We see that P breaks down into two lists, one per decision epoch, such that each P[[t]] has the size of the state set. Under P[[t]][[s]] we find two numeric vectors: P[[t]][[s]][[1]], which gives the transition probability distribution \(p_t(.|s, 1)\) under state \(s\) and action \(1\), and P[[t]][[s]][[2]], which gives the analogous distribution under action \(2\). The components of P[[t]][[s]][[a]] sum to 1.0.

The reward list R comprises three lists, two for the non-terminal epochs and one for the terminal epoch, with R[[t]] containing as many components as there are states. For non-terminal \(t\), R[[t]][[s]] is itself a list of two vectors: R[[t]][[s]][[1]], the reward vector \(R_t(s, 1)\) for selecting action \(1\) in state \(s\) at time \(t\), and R[[t]][[s]][[2]], the reward vector \(R_t(s, 2)\) for selecting action \(2\). The terminal rewards \(R_H(s)\) are stored in the vectors R[[horizon]][[s]].

Let us now examine an infinite-horizon counterpart to this problem.

set.seed(1234)
no_states <- 2
action_sets <- list(c(1, 2), c(1, 2))
no_objectives <- 2
# Generate an infinite-horizon two-state bi-objective MDP having two actions per state
stationary_MMDP <- generate_rand_MMDP(no_states, action_sets, horizon = Inf, no_objectives)

# Inspect the transition probabilities
P <- stationary_MMDP$P
P
#> [[1]]
#> [[1]][[1]]
#> [[1]][[1]][[1]]
#> [1] 0.9102211 0.0897789
#> 
#> [[1]][[1]][[2]]
#> [1] 0.8114785 0.1885215
#> 
#> 
#> [[1]][[2]]
#> [[1]][[2]][[1]]
#> [1] 0.5242763 0.4757237
#> 
#> [[1]][[2]][[2]]
#> [1] 0.3520739 0.6479261

# Inspect the rewards
R <- stationary_MMDP$R
R
#> [[1]]
#> [[1]][[1]]
#> [[1]][[1]][[1]]
#> [1] 0.006581957 1.742746090
#> 
#> [[1]][[1]][[2]]
#> [1] 0.8240815 0.2026179
#> 
#> 
#> [[1]][[2]]
#> [[1]][[2]][[1]]
#> [1] 1.880077 1.596105
#> 
#> [[1]][[2]][[2]]
#> [1] 1.75068013 0.03172553

These lists bear a similar but much simpler structure due to the stationarity of infinite-horizon MMDPs. Both are of length one, with P[[1]] and R[[1]] breaking down into one list per state. Under P[[1]][[s]] we find the vectors P[[1]][[s]][[1]] and P[[1]][[s]][[2]], which define the stationary transition probability distributions \(p(. | s, 1)\) and \(p(. | s, 2)\) for a fixed state \(s\). The vectors R[[1]][[s]][[1]] and R[[1]][[s]][[2]] specify the rewards \(R(s, 1)\) and \(R(s, 2)\).

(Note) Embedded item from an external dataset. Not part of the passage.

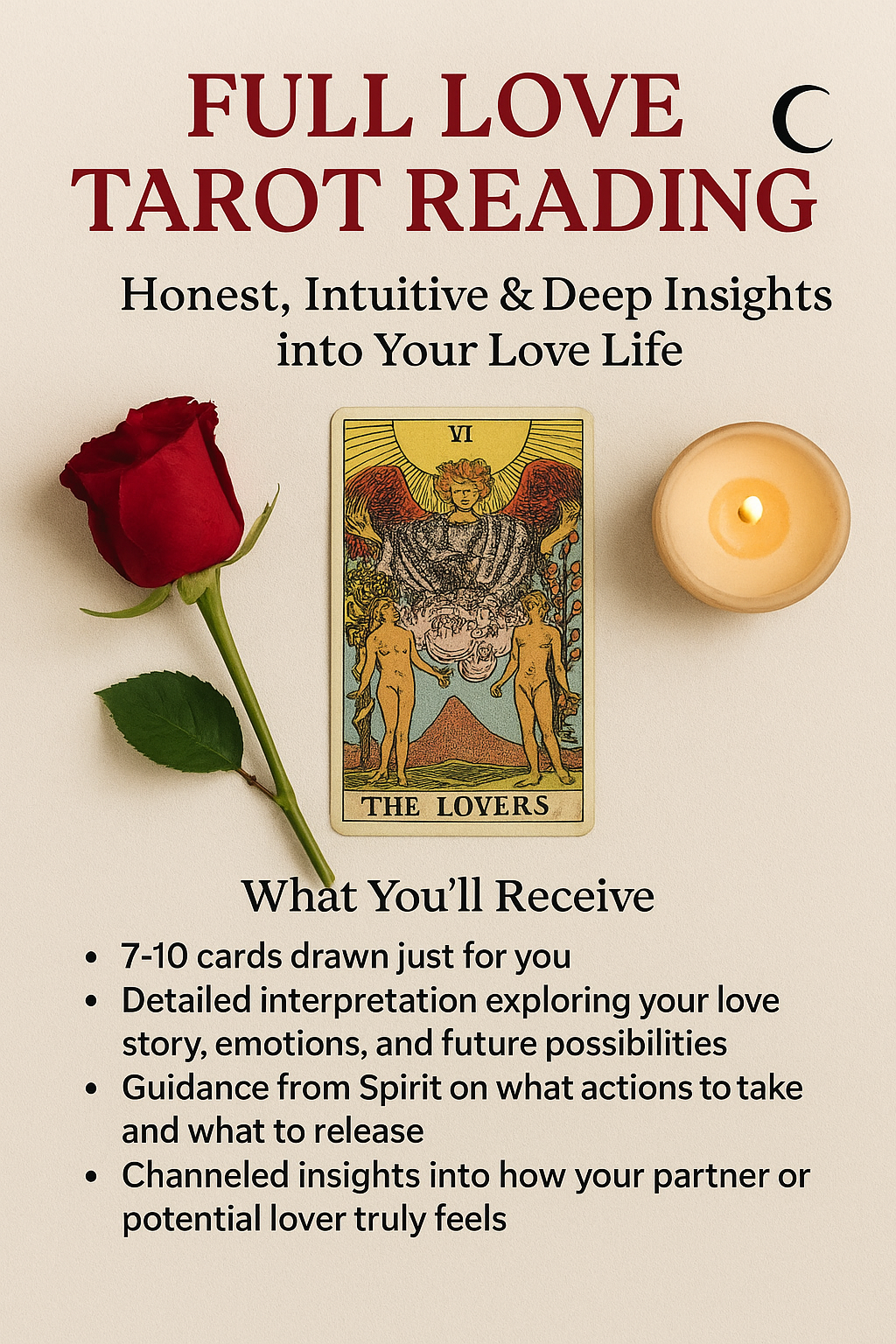 This Full Love Tarot Reading (7–10 cards) is designed to reveal the truth behind your romantic path — the energy between you and your person, the obstacles in love, and the future that awaits.
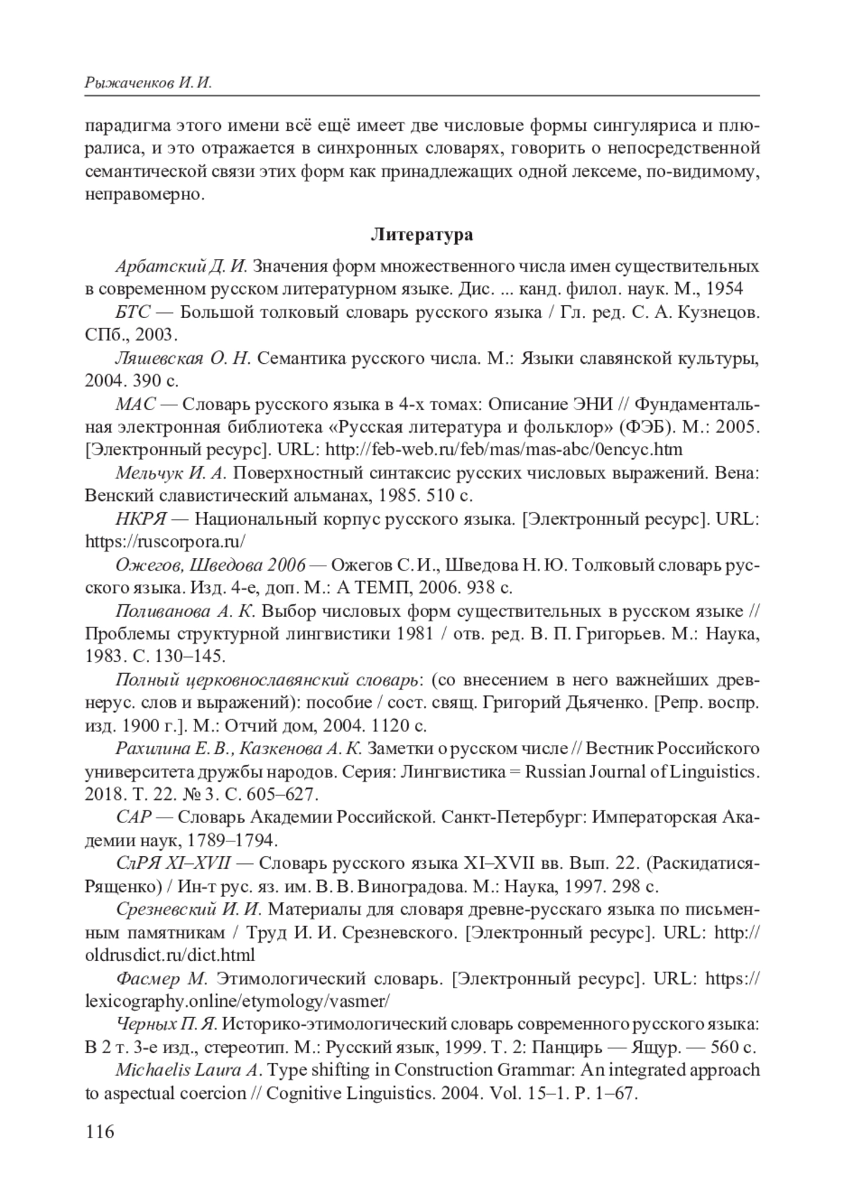 10. Рахилина Е. В., Казкенова А. К. Заметки о русском числе // Вестник Российского университета дружбы народов. Серия: Лингвистика = Russian Journal of Linguistics. 2018. Т. 22. № 3. C. 605-627. EDN: UZKIAO

multiobjectiveMDP supplies functions that help ascertain if a list constitutes an acceptable transition probability or reward list for a finite- or infinite-horizon MMDP. These are the functions prefixed by are_valid_.

Decision rules and policies

Whether the horizon is finite or infinite, we assume that the decision maker is always permitted exact observation of the state of the system before determining an appropriate action. Decision rules generally connote prescriptions for action selection viewed as mappings from states to actions. Such rules are called Markov because they depend only on the state in which the action is executed and deterministic because they specify actions with certainty.¹

A policy is a sequence of decision rules dictating the rule to be used at each epoch. We might think of a policy as a sequence \(\pi = (d_1, \dots, d_{H-1})\) or \(\pi = (d_1, d_2, \dots)\), the latter form being appropriate for infinite-horizon problems, where \(d_t\) is the rule to apply at epoch \(t\). A policy is stationary if it uniformly recommends the same rule, and a stationary policy is said to be pure if the rule it prescribes is Markov deterministic. Pure policies figure prominently in the study of infinite-horizon MMDPs.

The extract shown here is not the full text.